A scientist’s career in communion with trees.

A scientist’s career in communion with trees.

“She paid attention to Indigenous knowledge. A lightbulb went on when she heard Bruce ‘Subiyay’ Miller of the Skokomish Nation describe the forest as a symbiotic organism. Under the forest floor, Miller taught, ‘there is an intricate and vast system of roots and fungi that keeps the forest strong.’ This intuitively made sense to Simard. She traced the underground fungal connections and quantified Indigenous knowledge, using the methods and language of Western science.

Mycorrhizal Fungi
(c) Mother Earth News

“Scientists are supposed to be detached. Thankfully, Simard is anything but. To an astonishing extent, her memoir reveals how closely her research calibrates with changing passages in her life. She was interested in how saplings of different species exchange nutrients when she was just a sapling herself, struggling to transform childhood friendships into adult relationships. She became engrossed in whether mother trees recognize their offspring in forest networks when she became a mother of two daughters.
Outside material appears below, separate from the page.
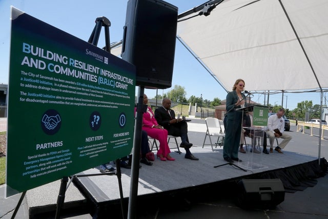 The enmarket Arena sits along the Springfield Canal on Savannah's westsideThe Springfield Canal runs alongside the enmarket Arena in SavannahThe Springfield Canal runs between the enmarket Arena and a parking lotFEMA Administrator Deanne Criswell speaks during a ceremony to announce BRIC Grant funding for the Springfield Canal on Tuesday, April 23, 2024 near the enmarket ArenaSavannah Mayor Van Johnson talks with FEMA Administrator Deanne Criswell alongside the Springfield Canal on Tuesday, April 23, 2024 near the enmarket Arena. The City has received a BRIC Grant to help with improvements to the canal and surrounding communitiesThe City of Savannah has received BRIC Grant funding for improvements to the Springfield Canal, which will help with drainage issues in the Carver Village and Cloverdale communitiesJames C. Stallings, GEMA/ Homeland Security director, speaks on Tuesday, April 23, 2024 during a press conference to announce BRIC Grant funding for improvements to the Springfield CanalFEMA Administrator Deanne Criswell speaks during a ceremony to announce BRIC Grant funding for the Springfield Canal on Tuesday, April 23, 2024 near the enmarket ArenaSavannah Mayor Van Johnson talks with FEMA Administrator Deanne Criswell alongside the Springfield Canal on Tuesday, April 23, 2024 near the enmarket Arena. The City has received a BRIC Grant to help with improvements to the canal and surrounding communitiesTom Perez, White House Office of Intergovernmental Affairs director and senior advisor to the President, speaks during a press conference to announce BRIC Grant funding for the Springfield CanalBernetta Lanier, alderwoman for district 1, speaks during a special ceremony on Tuesday, April 23, 2024 to announce BRIC Grant funding for the Springfield Canal

As she struggled with life-threatening cancer, she grew curious about what dying trees send to neighbor trees in a forest. She discovered that like parents, trees send a parting gift of nutrients as they expire. As soon as Simard overcame her cancer, she started the Mother Tree Project to investigate forest renewal practices that protect biodiversity, carbon storage and regeneration.”

Great story. Pioneering scientific discovery. Highly recommended!